▶ [Given data]:
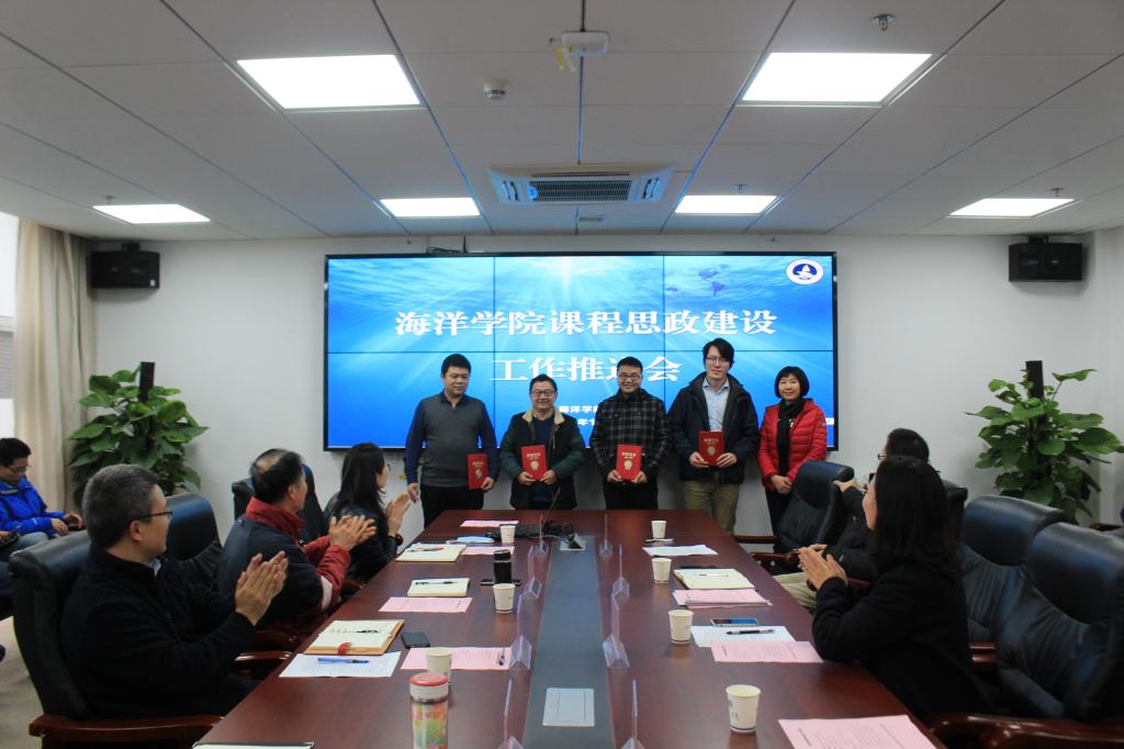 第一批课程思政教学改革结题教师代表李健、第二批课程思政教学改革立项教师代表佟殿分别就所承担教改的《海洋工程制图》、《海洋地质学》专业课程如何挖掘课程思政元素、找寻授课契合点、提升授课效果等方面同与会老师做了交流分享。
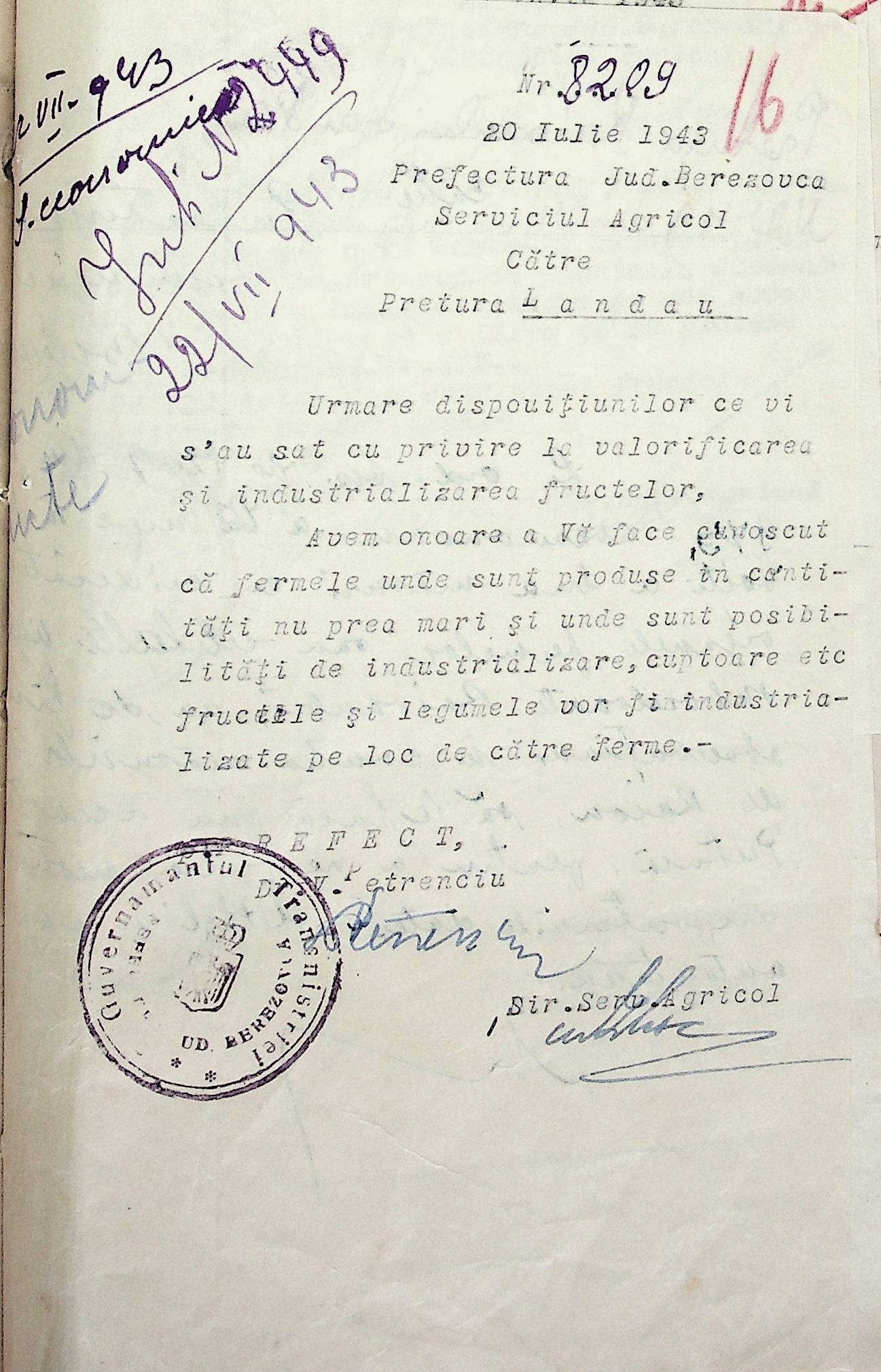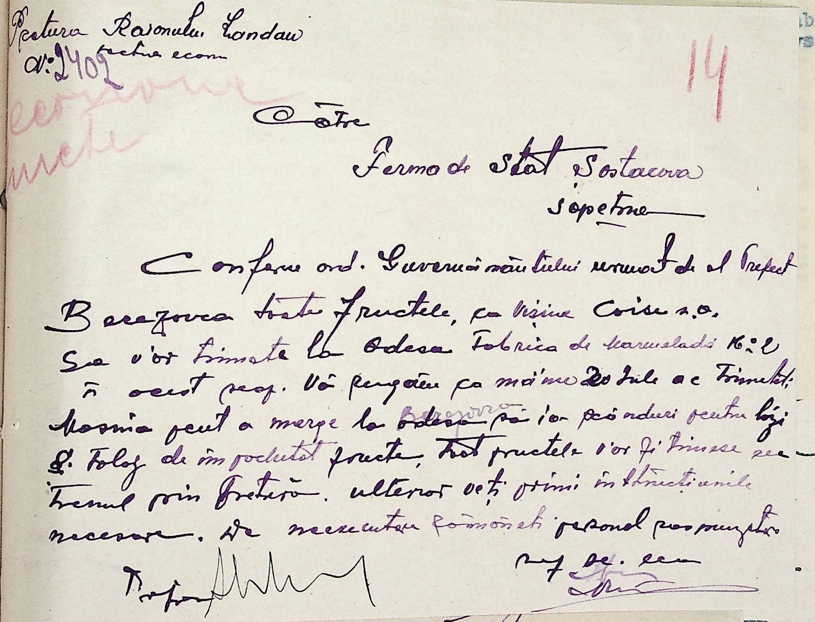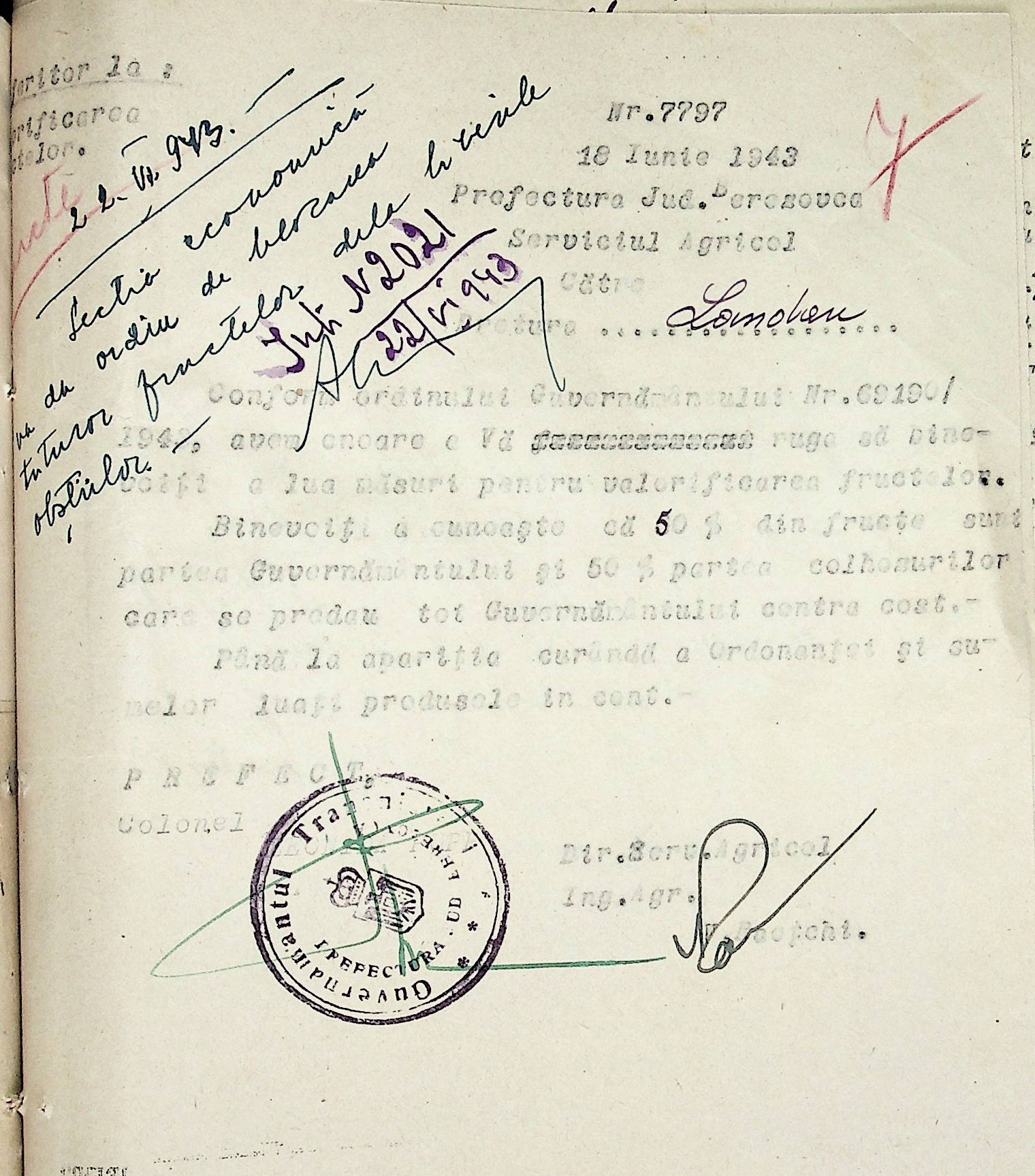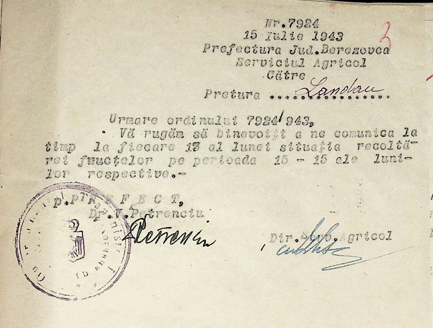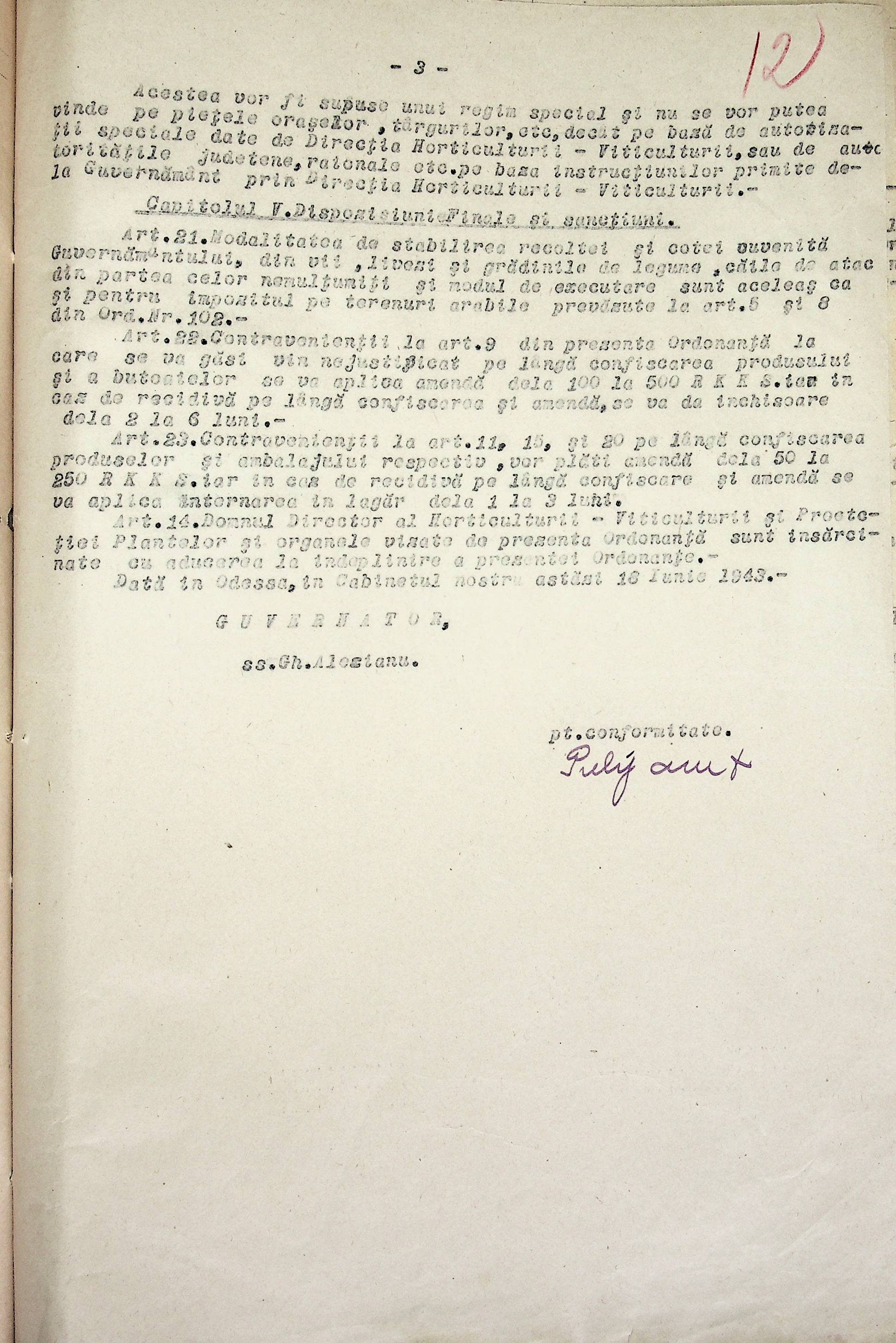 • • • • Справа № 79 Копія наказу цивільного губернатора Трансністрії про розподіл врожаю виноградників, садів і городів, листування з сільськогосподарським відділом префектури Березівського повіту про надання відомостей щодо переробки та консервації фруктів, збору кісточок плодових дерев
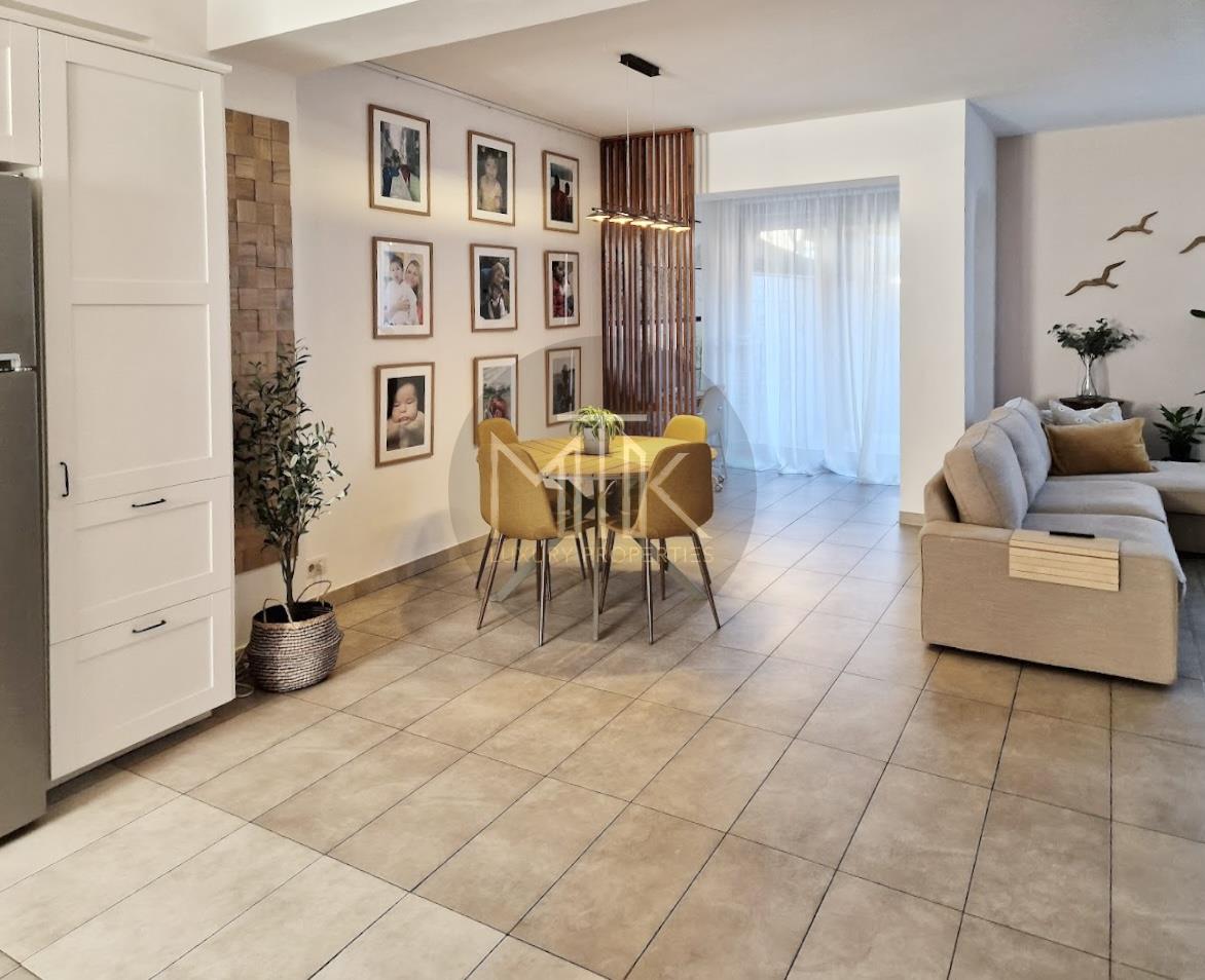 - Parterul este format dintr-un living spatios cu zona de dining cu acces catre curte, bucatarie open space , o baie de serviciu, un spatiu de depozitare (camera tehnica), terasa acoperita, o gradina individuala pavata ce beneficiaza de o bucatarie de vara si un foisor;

▶ [Exercise description]:
Please reproduce the whole listing exactly; the pictures stay out.

▶ [Solution to the problem]:
 第一批课程思政教学改革结题教师代表李健、第二批课程思政教学改革立项教师代表佟殿分别就所承担教改的《海洋工程制图》、《海洋地质学》专业课程如何挖掘课程思政元素、找寻授课契合点、提升授课效果等方面同与会老师做了交流分享。
 • • • • Справа № 79 Копія наказу цивільного губернатора Трансністрії про розподіл врожаю виноградників, садів і городів, листування з сільськогосподарським відділом префектури Березівського повіту про надання відомостей щодо переробки та консервації фруктів, збору кісточок плодових дерев
 - Parterul este format dintr-un living spatios cu zona de dining cu acces catre curte, bucatarie open space , o baie de serviciu, un spatiu de depozitare (camera tehnica), terasa acoperita, o gradina individuala pavata ce beneficiaza de o bucatarie de vara si un foisor;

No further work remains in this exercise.